Attribué à Pierre Dac (on ne prête qu’aux riches…)
Certains soirs, dans les rues de nos petites villes de province, on peut apercevoir des personnages insolites qui pressent le pas. Ils sont composés pour l’essentiel d’un costume sombre, d’un attaché-case et d’une convocation. Beaucoup arborent un nœud papillon noir qui souligne l’austérité silencieuse de ces quidams furtifs et sibyllins.
Le pharmacien est d’avis que dans cet appareil ils ne se rendent pas à des obsèques car il est trop tard, ni à une nuit de galipettes et turpitudes, c’est trop tôt. Où vont-ils donc ?
On voit bien par-là combien les énigmes provinciales sont déconcertantes. Nos ténébreux marcheurs pénètrent les uns après les autres dans un café-restaurant qui paraît être une étape obligée sur la route menant à leur mystérieuse destination.
Près du comptoir se tiennent d’autres quidams, tout aussi sombrement vêtus, d’autres attachés cases, d’autres nœuds papillon.
A l’entrée des nouveaux arrivants ce ne sont qu’embrassades, étreintes, contentements ostentatoires, chuchotements complices. Et regards qui en disent long.
Derrière son comptoir l’Auvergnat, les paupières en berne, essuie les verres.
A présent ils parlent de la pluie et du beau temps. Surtout de la pluie. Pour eux il pleut toujours. Et la salle est humide, même quand il fait sec. Au point qu’ils parlent à mots couverts, comme pour ne pas se mouiller.
Sûr qu’il y a une histoire d’eau là-dessous. Heureusement le commerce n’en souffre pas trop car la plupart d’entre eux n’en boivent pour ainsi dire pas. Ils ont une manie qui consiste à se faire passer pour une famille nombreuse avec des mon frère par ci, mon bien-aimé frère par-là, des Oh mon parrain ! Et des Ah ! Mon filleul … Et ta sœur?
Pour l’Auvergnat c’est sûr, ces bougres essaient de brouiller les pistes.
D’accord, ils ne sont pas tellement plus parfumés que certains autres, mais ils s’embrassent tout de même davantage.

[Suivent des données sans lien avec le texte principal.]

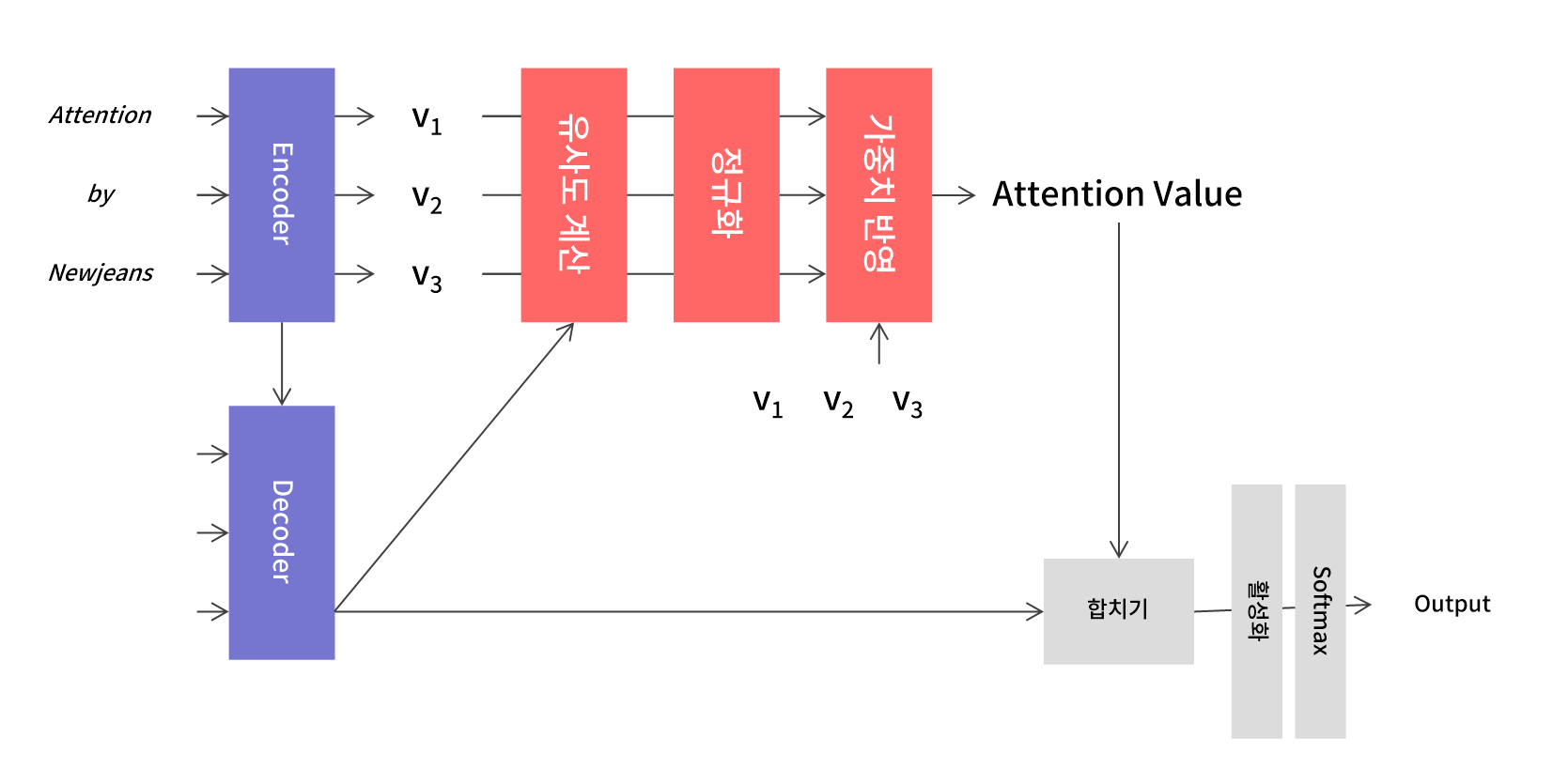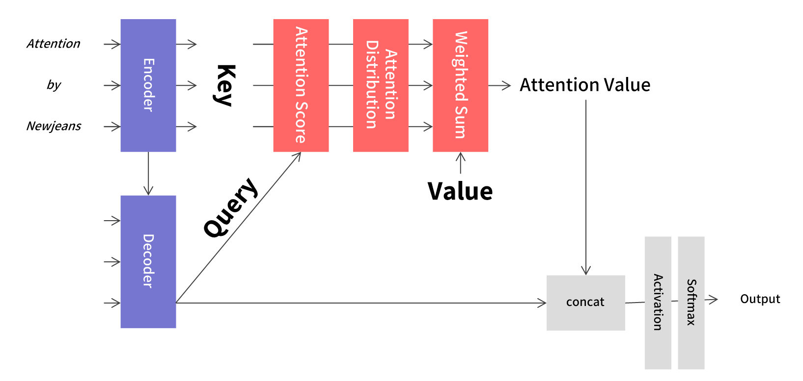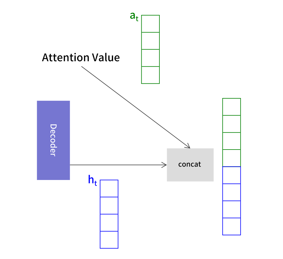 - 가중치가 반영된 Attention Value와 Decoder 출력을 합쳐 출력층으로 보낸다.

C’est la bande à bisous.
Autre indice : ils parlent souvent de frangines, et également d’une dame, veuve de son état, et dotée de nombreux enfants. En attendant personne n’a jamais vu un seul d’entre eux en compagnie d’une femme !
Les soupçons de l’Auvergnat se précisent : il se demande si par hasard ces Messieurs ne seraient pas … ?
C’est qu’il y a des détails qui ne trompent guère. Dans cette bande à bisous se trouve un colosse barbu avec des poils noirs dans les oreilles et qui doit travailler dans une tuilerie. Le mois dernier le barbu se lamentait en farfouillant dans sa mallette : on lui avait embarqué son sautoir et ses bijoux.
Est-ce que les Auvergnats barbus avec des poils noirs dans les oreilles portent des sautoirs et des bijoux, on vous le demande Et pourquoi pas des porte-jarretelles pendant qu’ils y sont ? Mais au fait, sait-on jamais ?
D’ailleurs ils s’intéressent de près à de jeunes apprentis. A voix basse, ils leur parlent de lacs d’amour et de houppes. Et aussi d’attouchements. Et s’il n’est pas encore question de fouets il est question de chaînes, des chaînes d’union qu’ils disent. Ben voyons. Certains vont même jusqu’à vanter leurs attributs. Si, si, leurs attributs, parole d’Auvergnat !
Tout ça n’est pas sans conséquence sur leur santé bien sûr. A voix basse ils disent que certains sont atteints d’une grave maladie, la cordonnite aiguë.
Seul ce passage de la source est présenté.